*PROVIDED DATA*:
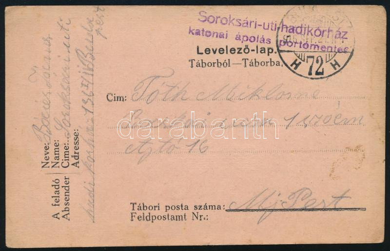 1916 Tábori posta levelezőlap / Field postcard "Soroksári úti hadikórház katonai ápolás portómentes" (Image)(Image 1)
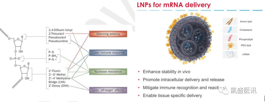 近些年來mRNA疫苗快速發(fā)展也是得益于RNA的修飾以及遞送技術(shù)的發(fā)展。以Moderna公司為例,其Nucleoside-modified mRNA極大的提高了mRNA的穩(wěn)定性,且能夠調(diào)節(jié)mRNA藥物在體內(nèi)的半衰期;納米脂質(zhì)體顆粒能夠?qū)RNA包裹在內(nèi),進一步提高穩(wěn)定性,也能夠高效地完成mRNA的細胞內(nèi)遞送。(作者單位:凱盛融英信息科技(上海)股份有限公司)
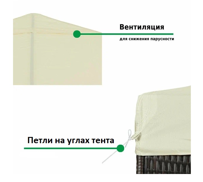 Это комплект тента-крыши GREEN GLADE YF-3176, выполненный в бежевом цвете. Его размеры составляют 300 х 300 х 250 см, а вес 36 кг. Изготовлен данный шатёр из полиэстера плотностью Оксфорд 240 ден с покрытием из поливинилхлорида. В комплекте находятся стены для шатра, противомоскитная сетка, а также крыша. Такой шатёр сможет защитить вас от солнца, осадков, а также насекомых.
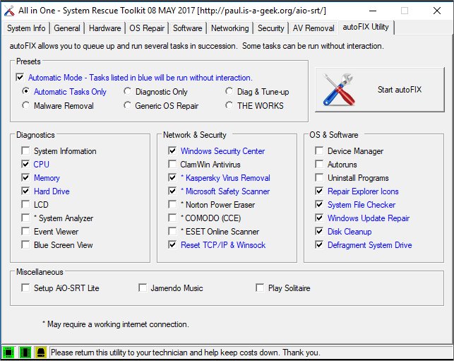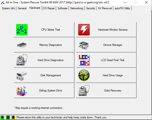 When the AiO-SRT CD or USB is inserted into a Windows computer, the program AiO-SRT.exe can be run and contains the following utilities:
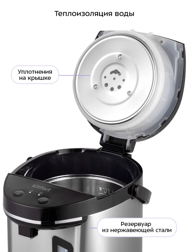 Термопот Kitfort КТ-2512 служит для кипячения и поддержания температуры воды с помощью периодического включения и отключения нагрева. Отличие термопота от обычного чайника в том, что термопот поддерживает температуру воды и у вас всегда есть горячая вода.
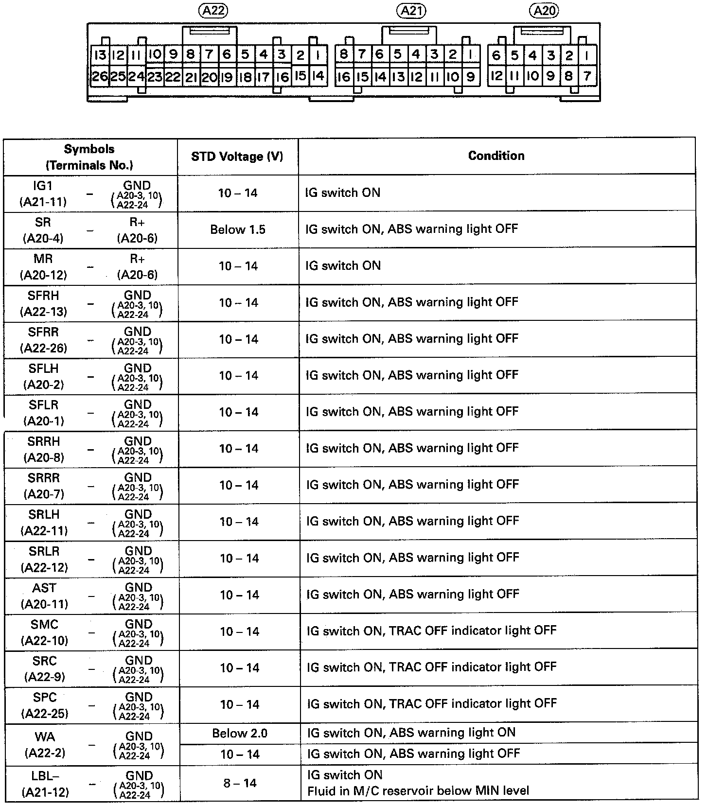 ABS w/ TRAC ECU Terminals And Standard Values Chart Part 1 Of 2:
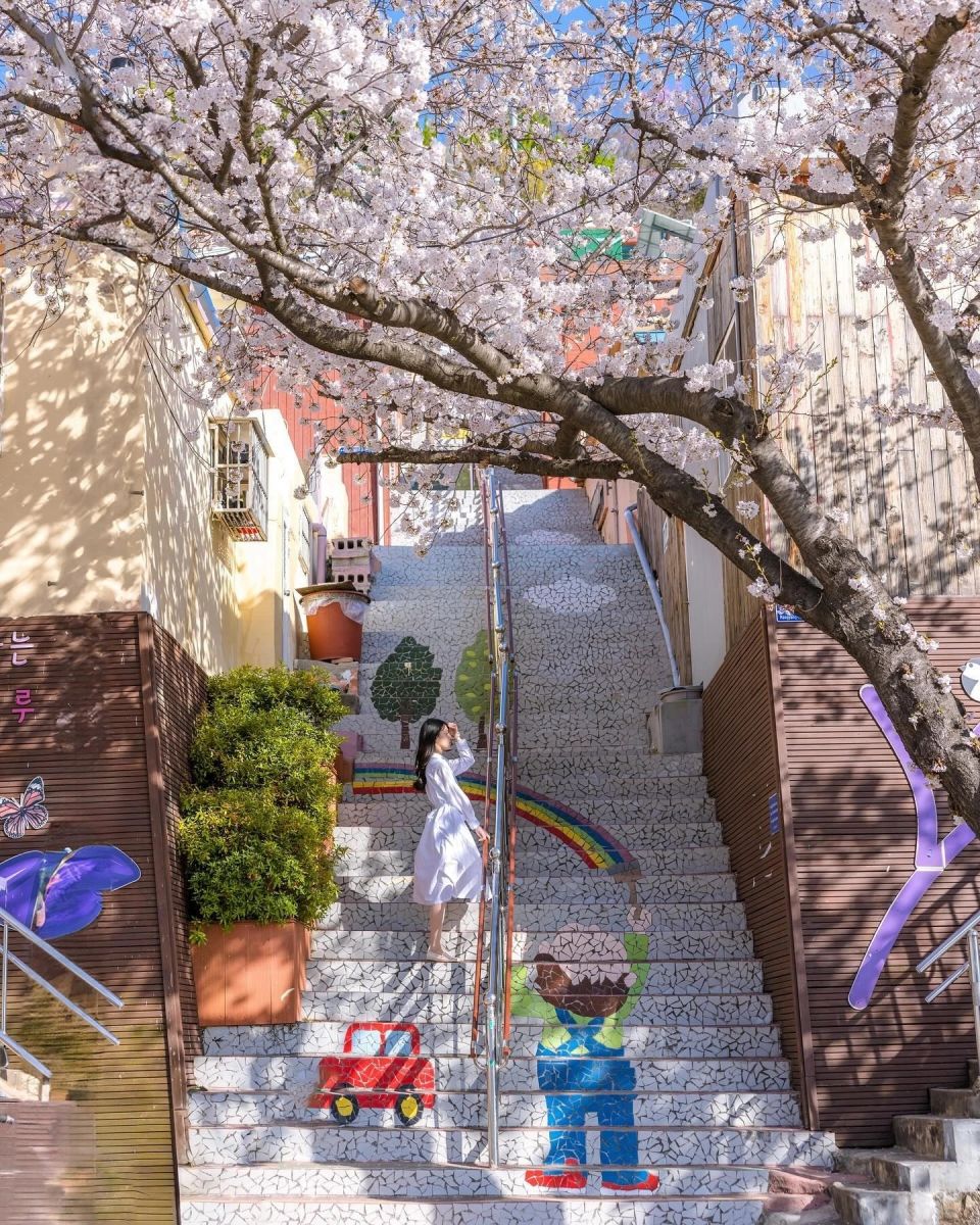 Đây là địa điểm check in nổi tiếng ở Busan với những bậc cầu thang lát gạch tạo thành những bức bích họa 3D độc đáo. Vào mùa xuân, những tán anh đào màu hồng phấn dưới nắng như tô điểm thêm sắc hoa. Ngôi làng luôn nhộn nhịp, đông đúc khách qua lại.
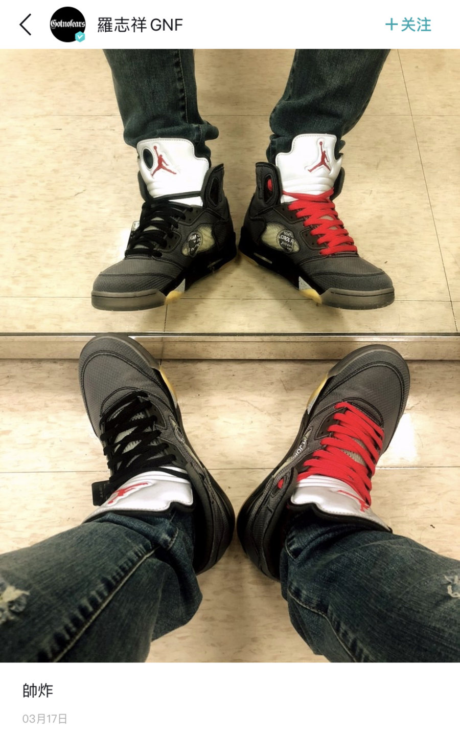 罗志祥确实是个不知不扣的大鞋头,Travis Scott、OFF-WHITE 的联名几乎都有,Hoka One One、Supreme x Air Force 这种小众款也都有上脚。

*EXERCISE INSTRUCTIONS*:
What is needed is a verbatim copy of the lines from the line with "ABS w/ TRAC" through the last line of the listing, pictures excluded.

*TASK RESPONSE*:
 ABS w/ TRAC ECU Terminals And Standard Values Chart Part 1 Of 2:
 Đây là địa điểm check in nổi tiếng ở Busan với những bậc cầu thang lát gạch tạo thành những bức bích họa 3D độc đáo. Vào mùa xuân, những tán anh đào màu hồng phấn dưới nắng như tô điểm thêm sắc hoa. Ngôi làng luôn nhộn nhịp, đông đúc khách qua lại.
 罗志祥确实是个不知不扣的大鞋头,Travis Scott、OFF-WHITE 的联名几乎都有,Hoka One One、Supreme x Air Force 这种小众款也都有上脚。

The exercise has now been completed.